Here's some good news about how Iraqis view their own situation. Several international news organizations concluded a poll of Iraqis and the results may surprise you.
The media pollsters began their survey by asking, “Overall, how would you say things are going in your life these days — very good, quite good, quite bad or very bad?”

Seventy-one percent of those polled say very good or quite good — up from 55 percent in a poll taken in June 2004. Twenty-nine percent say their lives are quite bad or very bad — down from 45 percent in 2004.

The pollsters also asked about individual aspects of the respondents’ lives in the neighborhoods where they live. Sixty-one percent report that the security situation is very good or quite good. Sixty-six percent rate their protection from crime as very good or quite good.

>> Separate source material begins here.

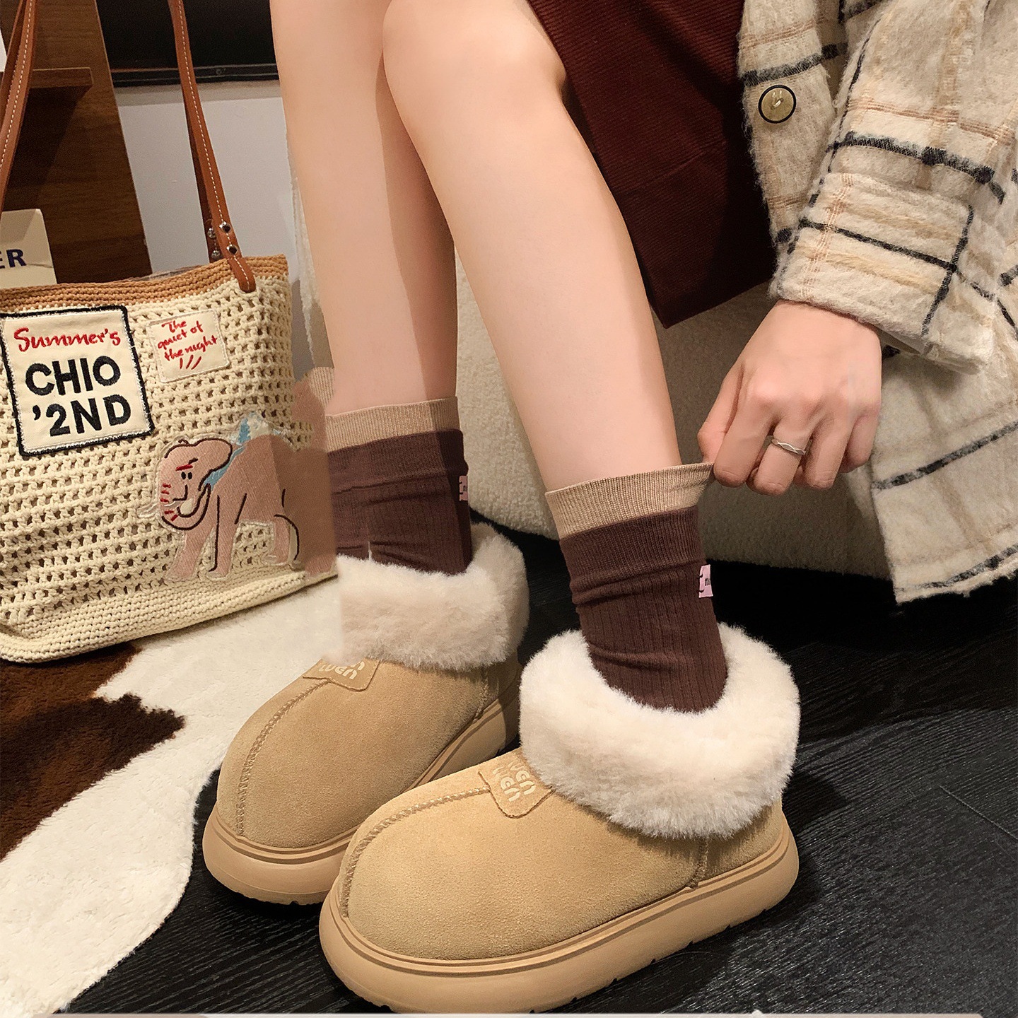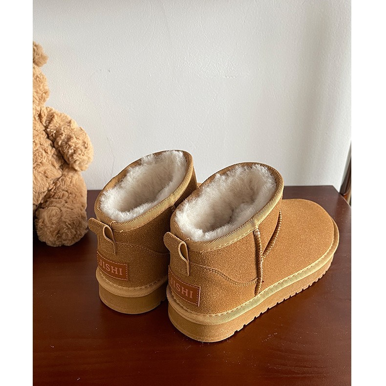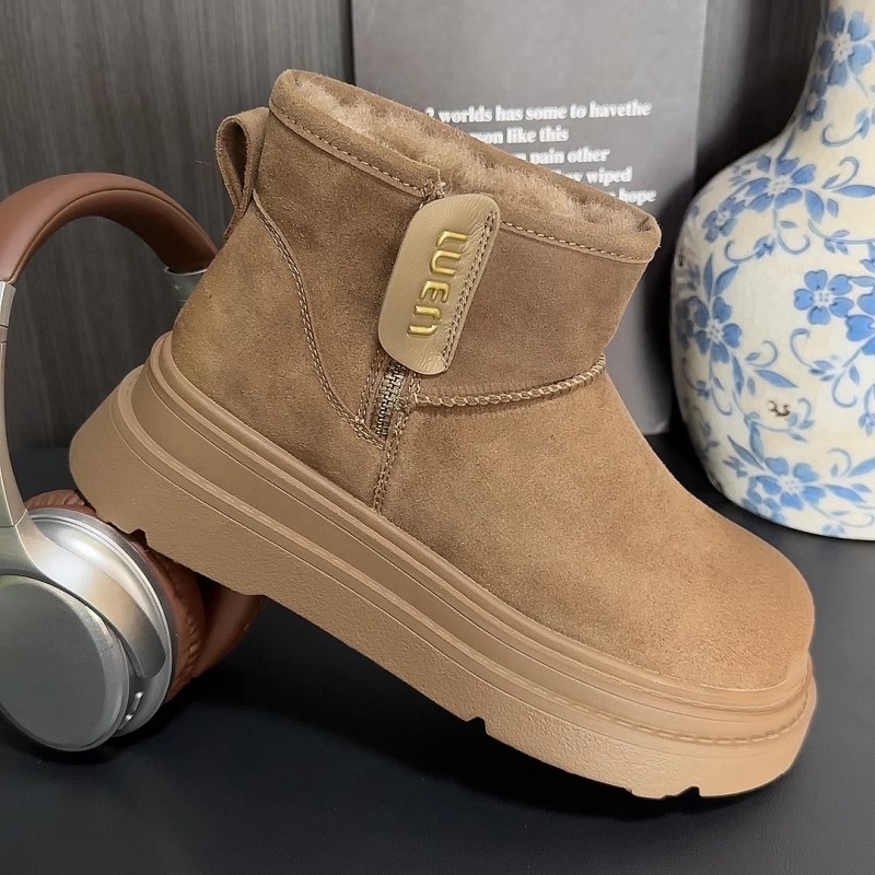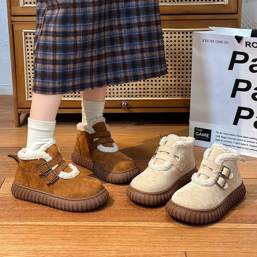 跨境2025新款雪地靴过年美拉德女鞋棉鞋加绒保暖麂皮绒短筒靴扣带

Seventy-four percent say local schools are very good or quite good. Seventy percent say their family’s economic situation is very good or quite good. Seventy-eight percent rate their freedom of speech as very good or quite good.

Of course, there are some who say their situation is worse than it was last year, and worse than it was before the war. But in both cases, they are in the minority.

The Iraqis polled by ABC and the other news organizations also express confidence in a number of national institutions. Sixty-seven percent say they have a great deal or a lot of confidence in the new Iraqi army. And 68 percent say they have a great deal or a lot of confidence in the police. Those numbers rank alongside confidence in the country’s religious leaders, which is at 67 percent.
With story after story about how the American soldiers and Iraqis themselves have a much more optimistic view of the situation over there than the portrayal in the media, you would think that the media might start questioning itself about the job it's doing. After all, they usually love gazing at their own navels and analyzing their performance. But, I see little evidence that any such self-examination of their coverage of the war and situation in Iraq has been going on.